What inspired this competition?

Cognitive and educational psychology and neuroscience have unearthed a vast number of factors which influence how effectively humans retain information, yet we still don’t really know how best to combine these factors, to maximise the effectiveness of memorisation. The competition hopes to stimulate progress, creativity and knowledge-sharing in this educationally vital field, and by doing so to drive forward our shared understanding of the human mind.

What’s the format of the competition?

The ultimate aim, in a nutshell, is this: real world learners will be given one hour to memorise translations of foreign language words such as house = talo (this is in Finnish), with the quality of their memorisation tested one week later. The competition will compare different ways of using that hour of learning: what’s the best way to spend that hour to maximise retention after one week?

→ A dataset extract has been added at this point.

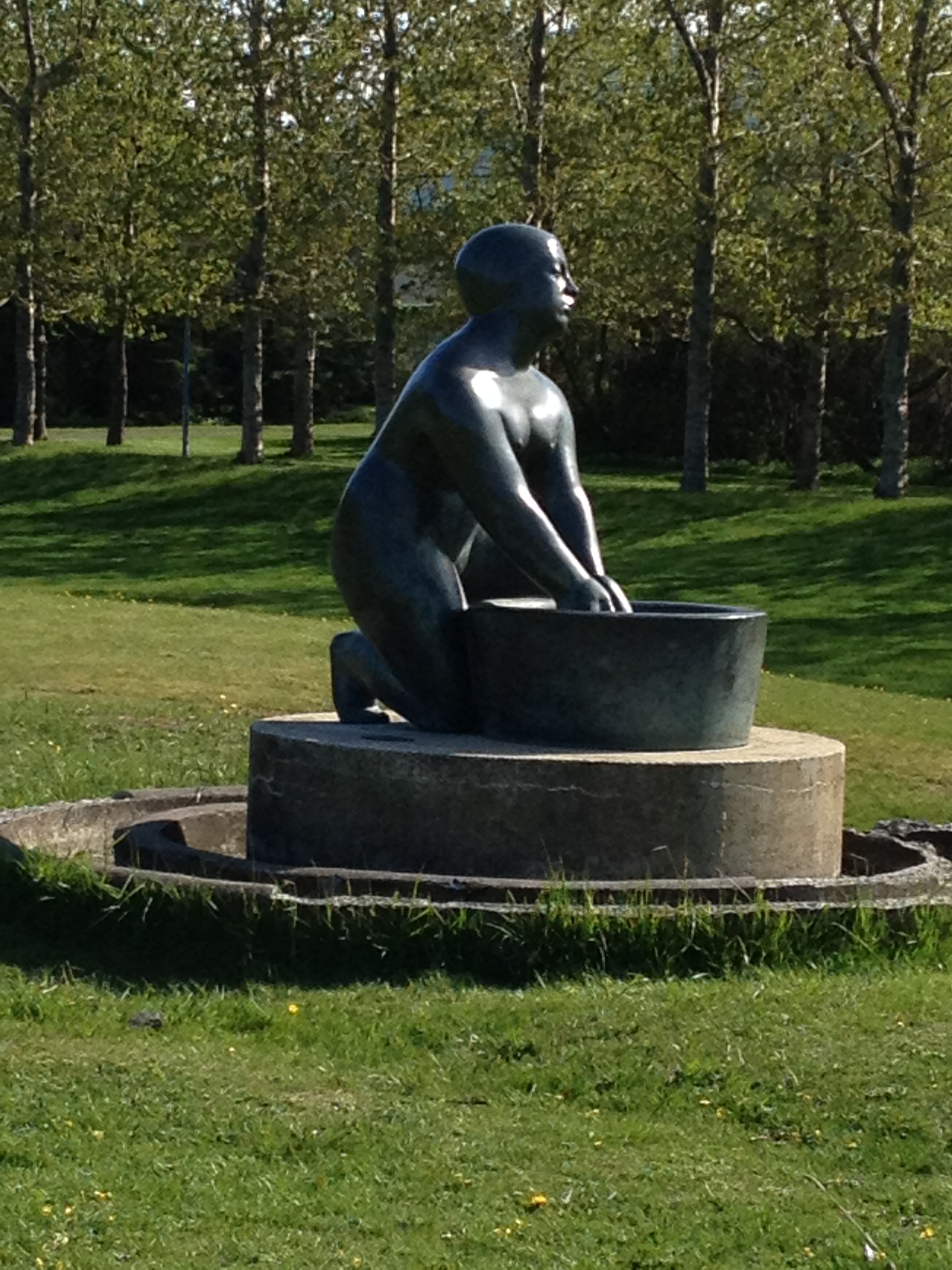 We checked out Laugurdalur, the large sports center where Andy would be spending most of the week competing in an aquatics championship. The adjacent botanical garden features several outdoor sculptures, including this striking “Washerwoman” by Asmundur Sveinsson, a tribute to the nearby Old Wash House where the city’s laundry used to be done.

The organizers will provide a computerised baseline task and competitors will test their own proposed method against that baseline condition in their own laboratories, classrooms or elsewhere. The difference in scores for the two groups on the test phase will be used to identify the most promising learning methods. These will then be tested on the Memrise system.

Who can compete?

The competition is open to anyone: Professional scientists, companies, psychology students, amateur enthusiasts, schoolchildren, research groups, teams of enthusiasts. It’s a completely open competition for any person or team to see how far they can optimise human learning within the constraints of the competition format: one hour of learning, a test one week later: what’s the most effective use of that hour?

How will the winner be judged?

The competition has two phases. First, competitors will test their proposed method against the standard control method that the organizers supply, and will submit their experimental data and a description of their method to the panel of judges. The best entries as judged by the panel will then be run on a controlled selection of 1000 people on the Memrise website, with the final winner determined statistically by the recall performance of those 1000 after a one week gap.

Aside from collecting the money prize, the winning entry will feature in an article co-authored and shared with the scientific and business community. Publicising the winning entry will be for the benefit of humanity and will set the bar for future research on this topic.

Who’s behind the competition?

The Memrise Prize competition was developed by me and Dr. Rosalind Potts from UCL in collaboration with the team of scientists and researchers at Memrise.com. A panel of leading researchers in the field of memory and neuroscience will be involved with the evaluation of submissions and in ensuring a fair and open process.

To fuel your imagination, here is a by-no-means complete list of effects discovered in the course of the last 150 years of psychological research into what makes learning more effective. We speculate that the winning entry will make use of many of these effects, and perhaps others hitherto not discovered: Spacing effects; repetition effects; mnemonics; testing effects; modality effects; association effects; deep/elaborative processing effects; difficulty effects; context effects; error effects; time-of-day effects.